Jul 22, 2009

"Tue" I would change Golf


I’ve had some free time this summer. When you discover free time there’s a weird thing that happens for the first couple of weeks… you do absolutely nothing. Not because you want to do nothing, but mostly because you have so many things you’ve always wanted to do or learn or create that you really end up frozen by all of the options (That’s sorta why In-N-Out only has 3 options, because they understand people). But after that dies down then you start to get around to things you’ve been planning to do for awhile. For me one of those things was golf.

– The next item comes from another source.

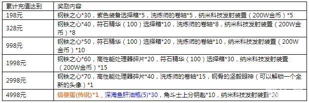 活动内容:活动期间,玩家在游戏内累计充值达到活动条件,即可领取对应数量的钢骨进化道具-钢铁之心。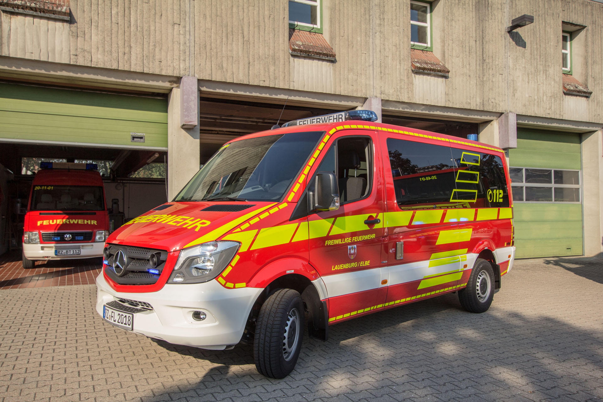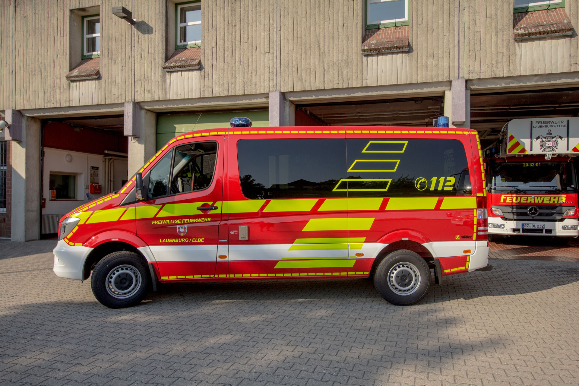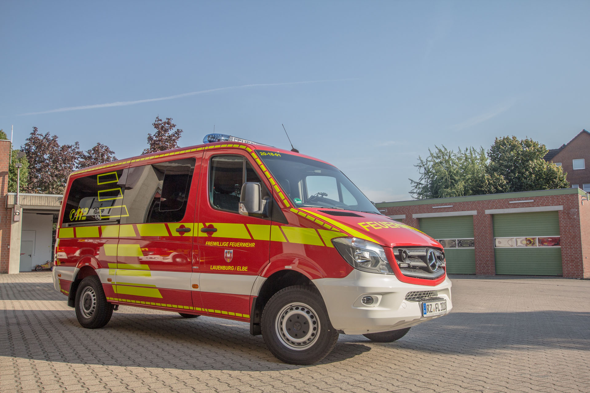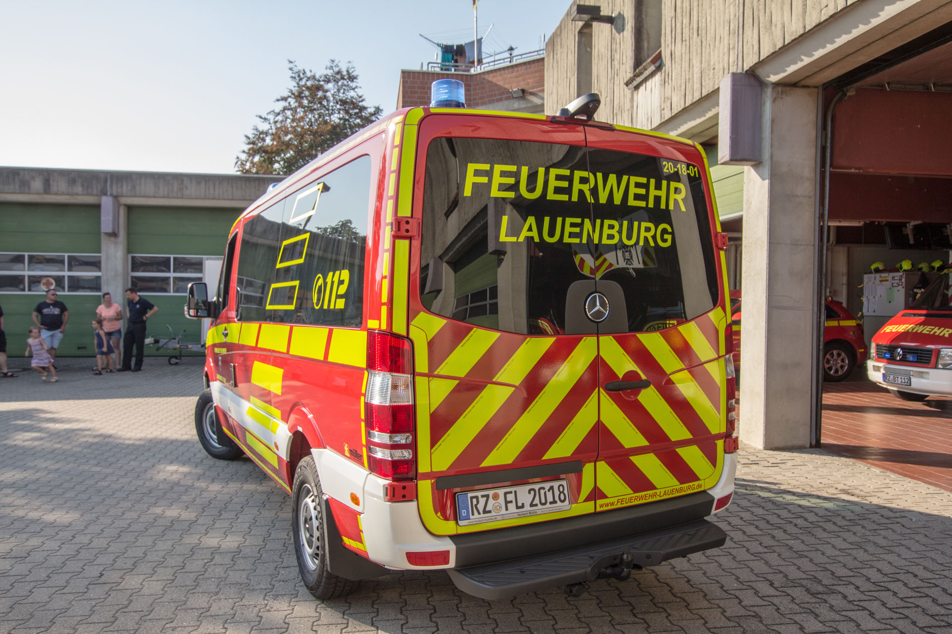 Zum Dienstabend am 29. August begrüßte Wehrführer Lars Heuer neben seinen aktiven Mitgliedern auch Vertreter der Stadt, der Mercedes-Benz Niederlassung Bergedorf sowie Bürgermeister Andreas Thiede. Grund war die Übergabe eines lang ersehnten Fahrzeuges. Das neue Mannschaftstransportfahrzeug, kurz MTF, kündigte Bürgermeister Thiede genau vor einem Jahr auf der 140-Jahr Feier an. Nun, ein Jahr später, übergab er symbolisch den Schlüssel für den neuen Mercedes Sprinter. Das Fahrzeug löst einen in die Jahre gekommenen VW LT ab, bietet viele Neuerungen und macht das Fahrzeug auch für den Einsatzdienst sinnvoll einsetzbar. Wehrführer Lars Heuer freute sich über das neue Fahrzeug, dankte den Vertretern der Stadt. Bürgermeister Andreas Thiede beteuerte, dass es bei den nächsten Anschaffungen nicht so lange dauern würde, bis eine Entscheidung gefällt wird. Vor der Versammlung zeigte sich Bürgermeister Thiede interessiert zu den neuen Alarmmonitoren in der Wache und ließ sich diese vorführen. Während der Übergabe ehrte er Sebastian Porthun stellvertretend auch für weitere Mitglieder, welche an dem Projekt mitgewirkt haben, mit einer Urkunde und einem Gutschein. Schließlich wurde symbolisch der Schlüssel vor den rund 45 angetretenen Mitgliedern der Feuerwehr übergeben. Der Mercedes Benz Sprinter verfügt über einen 160PS Diesel-Motor. Das Fahrzeug dient vorrangig zum Transport der Mannschaft. Der Innenausbau erfolgte durch Firma Müller. Der Boden ist mit Alu-Riffelblech ausgelegt, um ihn im Bedarfsfall reinigen zu können. Der Kofferraum ist mit einem Trenngitter zum Font abgetrennt, eine Durchlademöglichkeit im unteren Bereich ist dennoch gegeben. Eine Nachtbeleuchtung mit farbigen LED´s im Innenraum soll den Fahrer nicht ablenken und dennoch genügend Licht für die Mitfahrer spenden. Das Fahrzeug ist auffällig mit retroreflektierenden Folien im Lauenburger Design beklebt. Die umlaufende Konturbeklebung zeichnet nachts die Ausmaße des Fahrzeuges wieder. Die markante Seitenbeklebung passt sich perfekt in den bestehenden Fuhrpark ein und erhöht die Tages- und Nachtsichtbarkeit des Fahrzeuges um ein Vielfaches gegenüber eines normalen, schlicht roten Feuerwehrfahrzeuges. Das Heck ist mit einer Heckschraffur in rot-gelb beklebt, diese reflektiert das Licht etwa von Autoscheinwerfern und sorgt für größte Aufmerksamkeit und damit Sicherheit der Einsatzkräfte. Die Heckwarneinrichtung der Blaulichtanlage vom Typ Hänsch DBS4000 ergänzt die Warnwirkung. Das Fahrzeug steht der Feuerwehr künftig als Zugfahrzeug für das Rettungsboot sowie für die Fahrten zur feuerwehrtechnischen Zentrale oder anderen Fortbildungen zur Verfügung.

So myself and Ryan, my brother-in-law (I would say he’s my bro, but I think in California that just means friend or pal or something because it’s all about free love and stuff out there….Maybe. So I’m going to stick with brother-in-law; or maybe Blaw. Making his wife someone’s Slaw. That could work.) So me and my Blaw head out into 100+ degree temps last weekend to give this golf thing a shot. First of all, it was actually pretty fun. I know Mark Twain describes golf as “A good walk spoiled” but that’s probably just because he took it too seriously. He was a bit of a curmudgeon. While we were playing I was struck by some possible improvements that should be made to the game of golf. So as is tradition in this space, I thought I’d rehash some of those for you, starting with the least revolutionary.

Floating Balls
Usually on a golf course there’s lakes or rivers or in the case of Arizona golf courses, still, shallow pools of murky water. Every so often a ball makes its way towards these black pools and then is never heard from again. There are some official rules for handling this situation like you get to drop your ball near where the ball entered the water or re-shoot while taking a penalty. But I think really that ball should float and you should have to wade or swim out there and hit that ball off the top of the water. That’s how Tiger handles it anyway. So really that should be a rule already.



4 player team speed golf
This probably exists already somewhere but I’d still like to make it official. A quick rundown of the rules. Let’s say Bob and Jerry are on a team against Ben and Frank (These are all fictional people, the Frank I know doesn’t actually play golf). So Jerry and Frank would run off down the fairway and setup where they think their partners will hit the ball. A whistle blows and Bob and Ben tee-off then start running towards where they think Bob and Ben will hit their next shot and this continues until someone puts it in the hole. So you have to take turns hitting the ball, and the ball does not have to stop in order for you to hit it. I’d play that. Actually I’ll be giving this a shot soon, so let me know if you want in. No experience required.

Sprinklers
This is really simple. Why can’t the sprinklers be going on the course while we’re out there. Seems like a no-brainer.

Opposite of Strip-Golf
This would really only work in the summer, but it’s basically how it sounds. You lose a hole to your friend, you have to put on an additional article of clothing from the box of winter clothes you guys picked up at a yard sale earlier in the day. First one to tap-out loses. This could really be an important step in the cure for America’s obese epidemic. Well this and grilled chicken at KFC. Either way they’re both steps in the right direction.

Night Golf
Did you know that golf can only be played during the day? Why is that? I mean I know we have miniature golf but first of all that was created for women, and secondly the great things about golf, the meandering around a beautiful peaceful area, the sound of hitting the ball, the severe lack of screams coming from the bumper boat area are non-existent in the putt-putt world. So if I owned a golf course, I would deck that place out with Christmas lights similar to what they do at the Phoenix Zoo. We’d play a little soft music over some outdoor speakers, the balls would have LED lights in them so you could find them and instead of a flag in the hole we’d have a tiki torch. Heck I’d go there just to hang out, much less play a game.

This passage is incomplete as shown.